В тисках лжи и правдоподобия
Что без любви нет критики — трудно оспоримая истина. Евгения Шварца любить легко — вернее, трудно его не любить. Но любовь может быть и снисходительной — будто к устаревшему кумиру, который, однако же, в свое время был для тебя… Случайно ли, что в перестройку не произошло заметного шварцевского бума? Только ли потому, что главные вещи его уже были опубликованы? — Придется натягивать, — сказал мне один умный критик, узнав, что я собираюсь писать о Шварце. — Сегодня мы понимаем, что все было гораздо сложнее. Придется постоянно оговариваться: «Для своего времени Шварц…»
Увы, я и сам чувствовал, что уже не могу с полной беззаботностью отмахнуться от злого «mot» Соллертинского: «Ибсен для бедных». Может быть, Шварц придал бы себе больше весу в глазах солидных людей, если бы черпал вдохновение не у Андерсена, а, подобно Сартру и Аную, у Эсхила и Софокла? Но совместима ли их трагическая серьезность с почти цирковой виртуозностью его летучего дара?
Когда-то я, простой советский математик, был уверен, что Шварц — детский писатель. Поэтому я не особенно поверил, когда один знаток, убежденный, что главная миссия литературы — подстраивать советской власти маленькие каверзы, порекомендовал мне «Дракона» как нечто весьма пикантное. Но — сколь ни был я ослеплен фейерверком остроумия — более всего меня поразило, что с убийством Дракона вовсе не наступает рай: «Покойник воспитал их так, что они повезут любого, кто возьмет вожжи». И — что еще важнее — «Я оставляю тебе прожженные души, дырявые души, мертвые души», которые после победы над тираном начинают роптать, что молоко вздорожало, а масло совсем исчезло, лучше было бы и не начинать борьбу…
С.Бородин, автор трилогии «Звезды над Самаркандом» и, по непроверенным слухам, подлинный творец литературных шедевров великого Шарафа Рашидова, совершенно правильно нарезал цитат из «Дракона» для своей статьи «Вредная сказка», опубликованной 29 марта 1944 года в газете «Литература и искусство» — органе правления СП СССР, комитета по делам искусств при СНК СССР и комитета по делам кинематографии при СНК СССР (на первой странице благодарность войскам маршала Жукова, освободившим города Чертков, Гусятин и Залещики, и редакционная статья «О чувстве нового», единодушно осуждающая Зощенко, Чуковского и Сельвинского, у которого нет главного героя — защитника Родины, воспитанного советским строем).
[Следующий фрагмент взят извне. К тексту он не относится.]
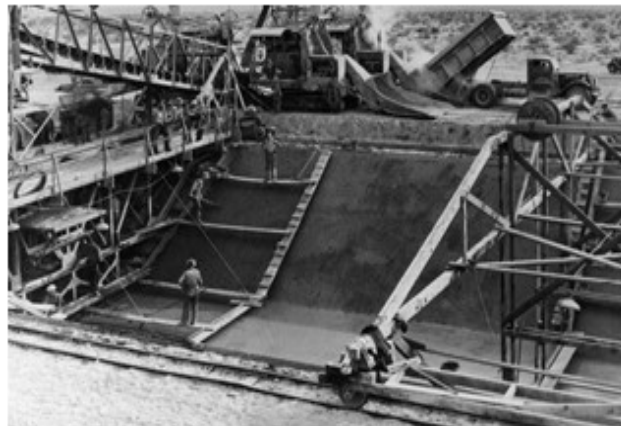
تصویر ۲. تاب‌آوری مهندسی رودخانه لس آنجلس در برابر سیلاب ۱۹۳۸ و کانالیزه کردن رودخانه.
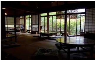
(一社)はまのね CAFÉはまぐり堂
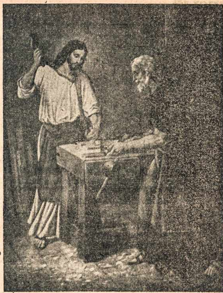
Kristus — iš "Zvaigždė" KRISTUS DARBININKAS

BAŽNYČIA — DARBININKŲ UŽTARĖJA Pijus XII, kalbėdamas Italijos darbininkams sakė: "Jūs gerai žinote, Brangieji sūnūs ir dukterys, kad Bažnyčia jus karštai myli, ir kad ji ne tik dabar, motinišku rūpesniu ir meile ypatingai atsižvelgia į reikalus, kurie tiesioginiai jus liečia, bet tai darę visais amžiais. Mūsų pirmtakūnai ir Mes patys nepraleidome nė vienos progos pakartotinai nepareiškę nurodymų jūsų ir jūsų šeimų reika-
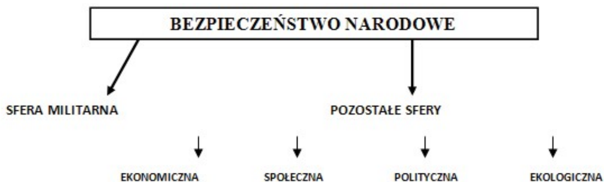
Rys. 1. Sfery bezpieczeństwa narodowego

wewnętrzne (tj. terroryzm, tendencje nacjonalistyczne i podziały ideologiczne) 1 . Zmiany zachodzące w obszarze współczesnych zagrożeń bezpieczeństwa państwa sprawiają, że tradycyjnie pojmowane bezpieczeństwo narodowe – militarne przechodzi na drugi plan, bowiem militarne zagrożenia zewnętrzne są ograniczone, podczas gry wzrasta ranga zagrożeń wewnętrznych, zwłaszcza asymetrycznych 2 . Rośnie zatem znaczenie pozostałych sfer bezpieczeństwa, tj. ekonomicznej, społecznej, politycznej i ekologicznej.
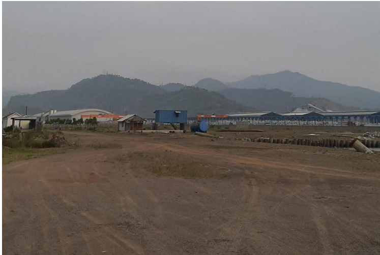
Reklamasi di Desa Margagiri
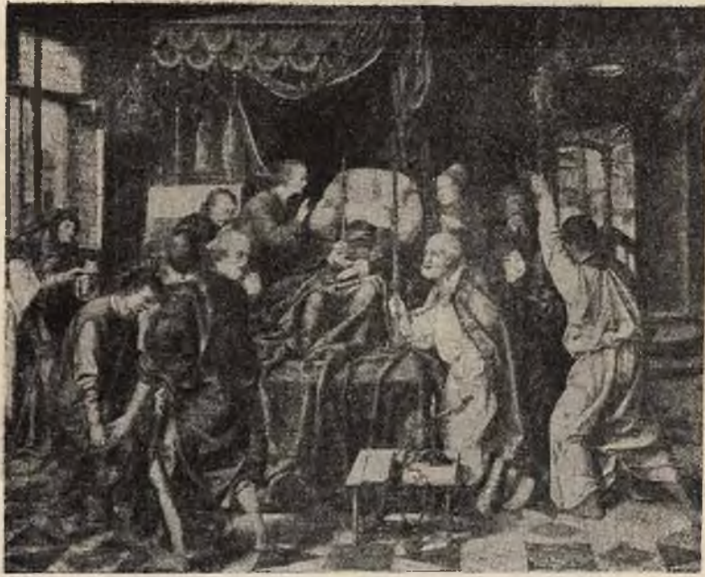
Joos V Cleve
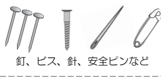
釘、ビス、針、安全ピンなど
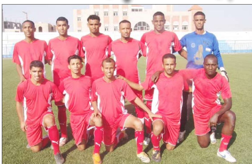
■ فريق التلال لكرة القدم

بإحدى / عدن / سبأ : تأهل فريق التلال إلى دوري أبطال المحافظات لكرة القدم بعد فوزه أمس على فريق شباب المنصورة بثلاث أهداف مقابل لا شيء في المباراة النهائية للتصفيات التمهيدية لاندية محافظات عدن التي جرت بالصالة الرياضية المغلقة بعدن. وجاء تأهل التلال في التصفيات التي شاركت فيها خمسة أندية " التلال ، الجلاء ، النصر ، الروضة ، المنصورة " بعد تغلبه على فريق الروضة 3 / صفر، فيما تغلب فريق الجلاء على النصر 3 / صفر. وبذلك أصبح فريق التلال بالمركز الأول وسيمثل محافظة عدن في دوري أبطال المحافظات الذي سيقام في العاصمة صنعاء في موعد سيحدده الاتحاد العام لكرة الطاولة في وقت لاحق.
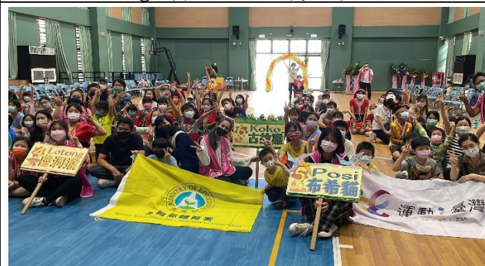
小朋友回饋說喜歡這樣的活動，聽了真是太感動 了。
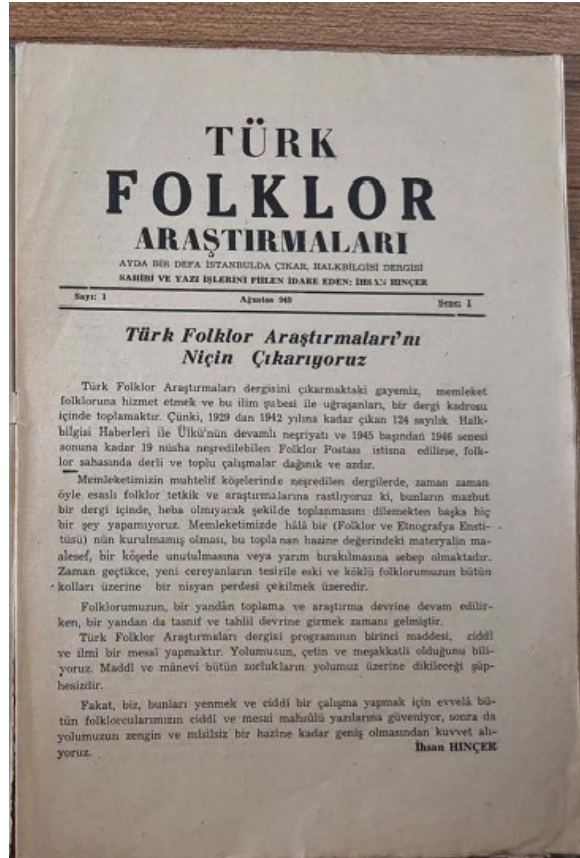
TFA'nın kurucusu merhum İhsan Hınçer'in ilk sayıdaki sunuş yazısı. Ağustos 1949
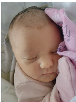
Iga , 3.01, 58 cm, 3670 g
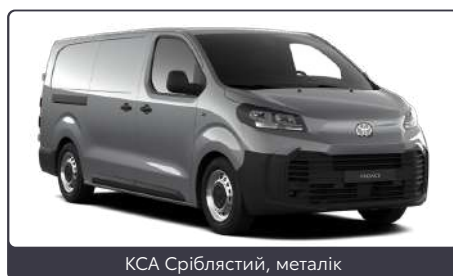
KCA Сріблястий, металік

С.Бородин совершенно правильно понятую правду назвал пасквилем на освободительную борьбу и клеветой на народы, томящиеся под властью Драконов — после чего «Дракон» почти на двадцать лет был снят со сцены.
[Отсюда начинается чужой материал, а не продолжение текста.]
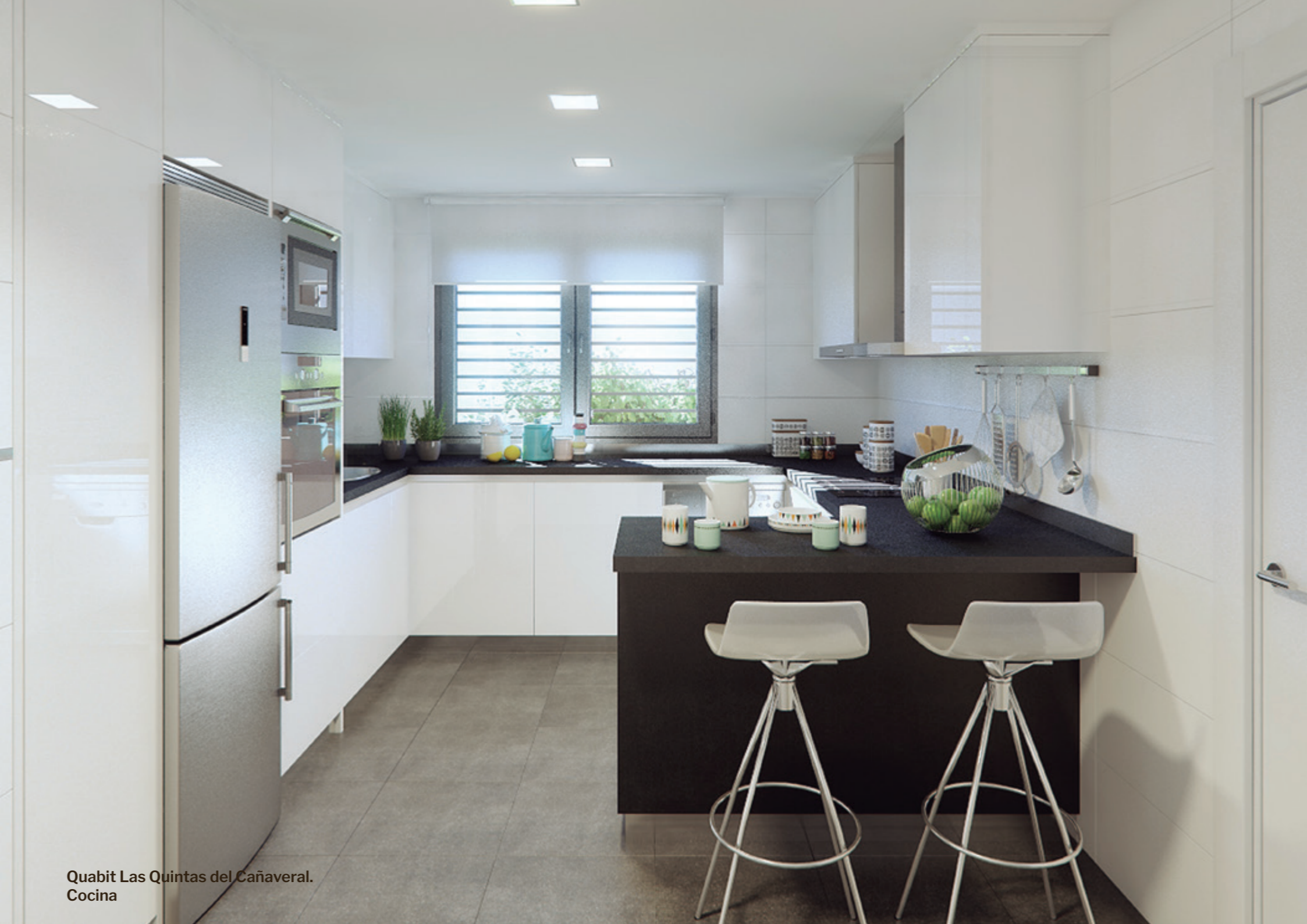
Quabit Las Quintas del Cañaveral. Cocina
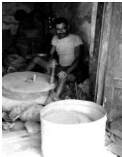
ひき臼屋（アムラン）

行商人の一週間のサイクルのなかには比較的規模の大きい地域の中心的なスークが含まれている。こうしたスークは、地域の物流センターの機能を担っているので、たいていの
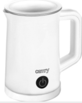
Milk Frother CR 4464
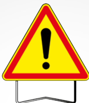
Panneau «danger» AK 14-700 TI
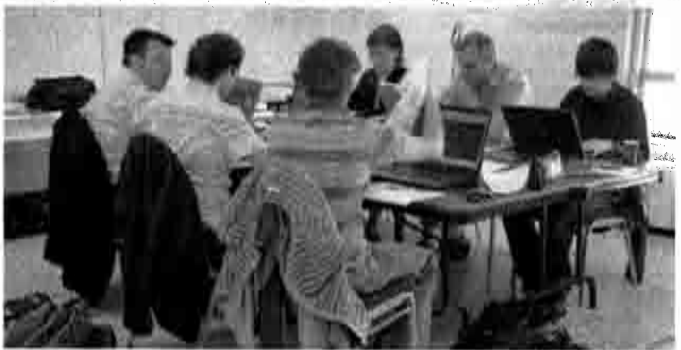
Les universitaires spécialistes en aménagement en plein travail.

min de Chambly et des voies ferrées, des éléments de franchissement sont prévus. Deux passerelles piétonnes et cyclistes seraient érigées et un pont vert relierait les quartiers situés de part et d'autre de la voie ferrée.
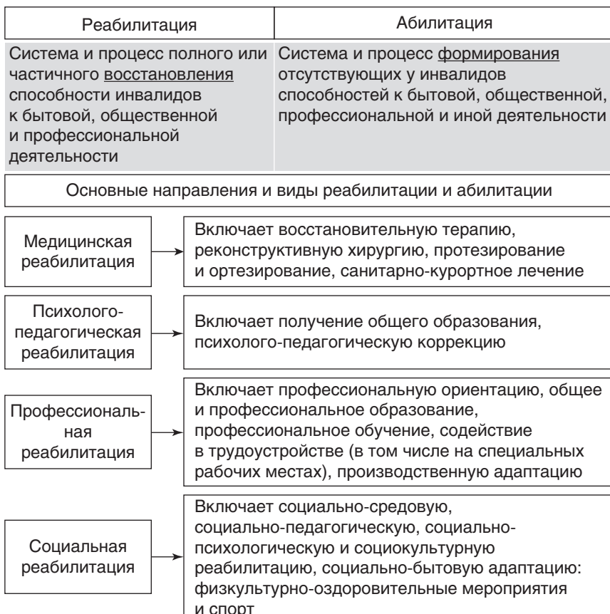
Рис. 1.1. Основные направления и виды реабилитации и абилитации

При этом, если абилитация рассматривается как совокупность мероприятий, применяемых для становления и развития физического, личностного и социального статуса пациентов при врожденных и приобретенных в раннем детстве патологических состояниях, то реабилитация трактуется с позиций восстановления (возвращения к исходному состоянию) физического, личностного и социального статуса при заболеваниях, возникших у пациентов остальных возрастных групп (рис. 1.1).
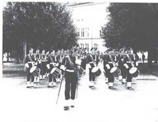
Arméns musikpluton före sitt framträdande på kaserngården.
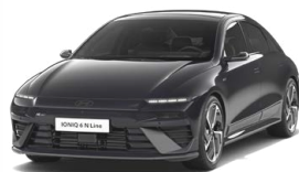
Abyss Black Pearl Perleťová Cena: 19 900 Kč

Но меня покоробил и восторг Знатока: «Он и Хрущева предсказал!» Смысл (один из смыслов) пьесы показался мне куда масштабнее любой политической конкретики: борьба за «добро» отнюдь не укладывается в оппозицию «хороший народ» — «плохое начальство». Правда, первопричина зла — изуродованных душ — и у Шварца сосредоточена все-таки в тиране; вопрос «А не народ ли и создает Драконов, которые потом его увечат?» в пьесе даже не брезжит. И об опасностях обретенной свободы, хотя бы самых элементарных, — о возможной розни уже между простыми людьми, готовыми теснить друг друга хорошо еще если не силой оружия, а только гнетом цен, законов и избирательных бюллетеней, — об этом там нет и помину… Но пьесы, и тем более (или не тем более?) пьесы-сказки, — не пособие по социологии. Оставим же социальные схемы, подчеркнув на прощанье, что Шварц прекрасно понимал безмерную сложность реального бытия в сравнении с любой схемой: «Когда долго живешь на одном месте, в одной и той же комнате, и видишь одних и тех же людей, которых сам выбрал себе в друзья, — мир кажется очень простым. Но едва выедешь из дому — все делается чересчур разнообразным»; «Богатство и бедность, знатность и рабство, смерть и несчастье, разум и глупость, святость, преступление, совесть, бесстыдство — все это перемешано так тесно, что просто ужасаешься. Очень трудно будет все распутать, разобрать и привести в порядок так, чтобы не повредить ничему живому. В сказках все это гораздо проще (если бы и творцы социальных утопий понимали, что сочиняют сказки!)».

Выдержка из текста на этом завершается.